[[ DATA PROVIDED open ]]

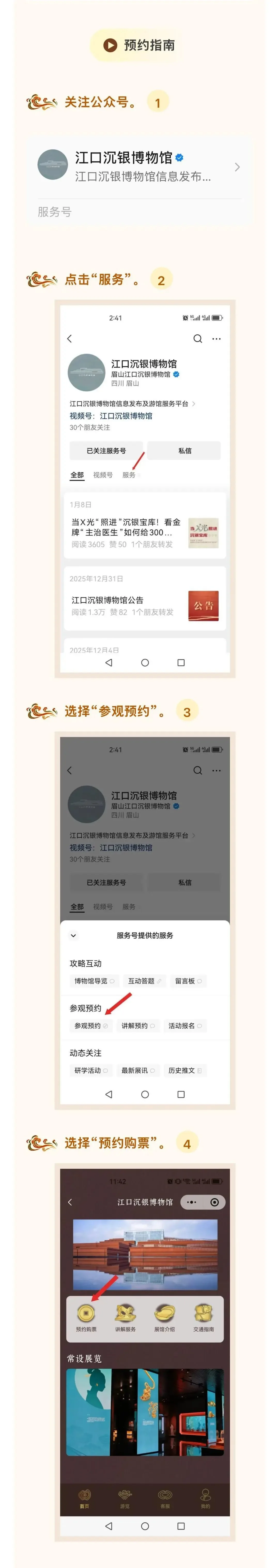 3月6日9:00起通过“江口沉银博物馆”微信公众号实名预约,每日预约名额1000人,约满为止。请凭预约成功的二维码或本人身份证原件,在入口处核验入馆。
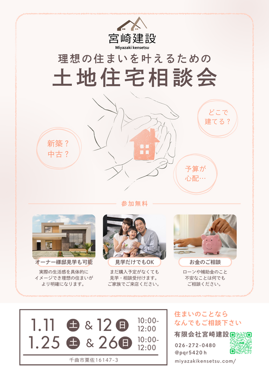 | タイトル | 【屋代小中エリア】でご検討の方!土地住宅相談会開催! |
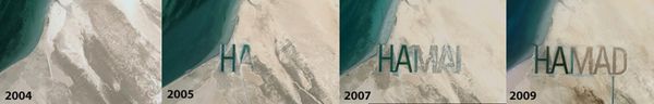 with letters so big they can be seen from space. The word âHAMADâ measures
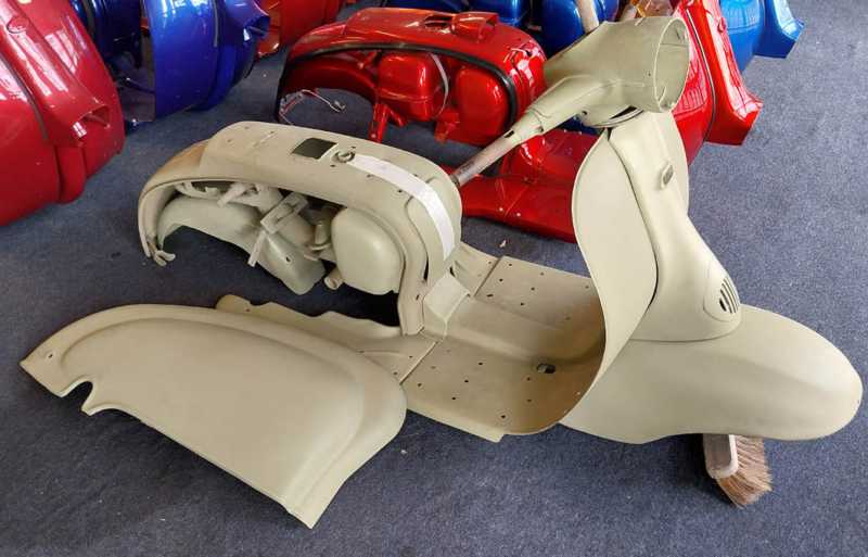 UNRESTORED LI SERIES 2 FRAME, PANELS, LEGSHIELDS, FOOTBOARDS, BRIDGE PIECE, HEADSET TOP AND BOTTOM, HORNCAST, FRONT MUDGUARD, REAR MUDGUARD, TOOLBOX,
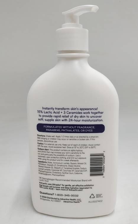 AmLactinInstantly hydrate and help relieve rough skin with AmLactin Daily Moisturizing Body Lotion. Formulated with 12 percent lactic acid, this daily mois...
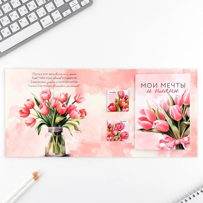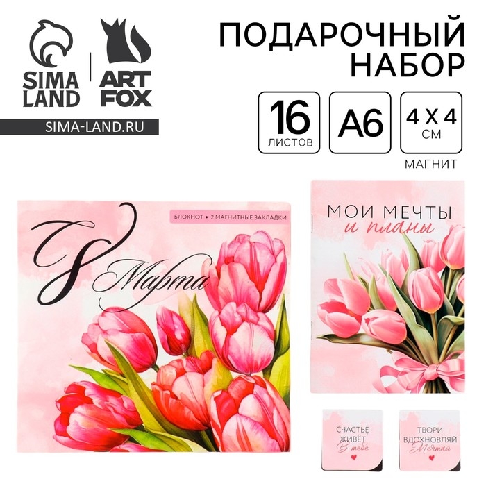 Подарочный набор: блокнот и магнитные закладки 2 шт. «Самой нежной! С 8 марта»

[[ DATA PROVIDED closed ]]
[[ DATA PROVIDED open ]]

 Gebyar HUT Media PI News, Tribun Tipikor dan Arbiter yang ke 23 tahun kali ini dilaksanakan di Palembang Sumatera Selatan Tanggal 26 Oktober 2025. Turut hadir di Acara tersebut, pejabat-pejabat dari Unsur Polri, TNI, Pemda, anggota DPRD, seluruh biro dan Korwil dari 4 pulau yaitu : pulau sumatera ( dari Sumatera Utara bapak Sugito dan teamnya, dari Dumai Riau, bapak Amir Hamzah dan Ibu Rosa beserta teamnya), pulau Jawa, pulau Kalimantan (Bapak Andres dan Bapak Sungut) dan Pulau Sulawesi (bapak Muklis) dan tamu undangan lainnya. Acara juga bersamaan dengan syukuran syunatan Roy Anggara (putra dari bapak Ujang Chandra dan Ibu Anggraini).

[[ DATA PROVIDED closed ]]

- [ASSIGNMENT] Starting at the line above that holds "AmLactinInstantly hydrate and", return each line up to and including the one that holds "Подарочный набор: блокнот", exactly as written, minus any pictures.

- [SOLUTION FOR THIS PROBLEM]
 AmLactinInstantly hydrate and help relieve rough skin with AmLactin Daily Moisturizing Body Lotion. Formulated with 12 percent lactic acid, this daily mois...
 Подарочный набор: блокнот и магнитные закладки 2 шт. «Самой нежной! С 8 марта»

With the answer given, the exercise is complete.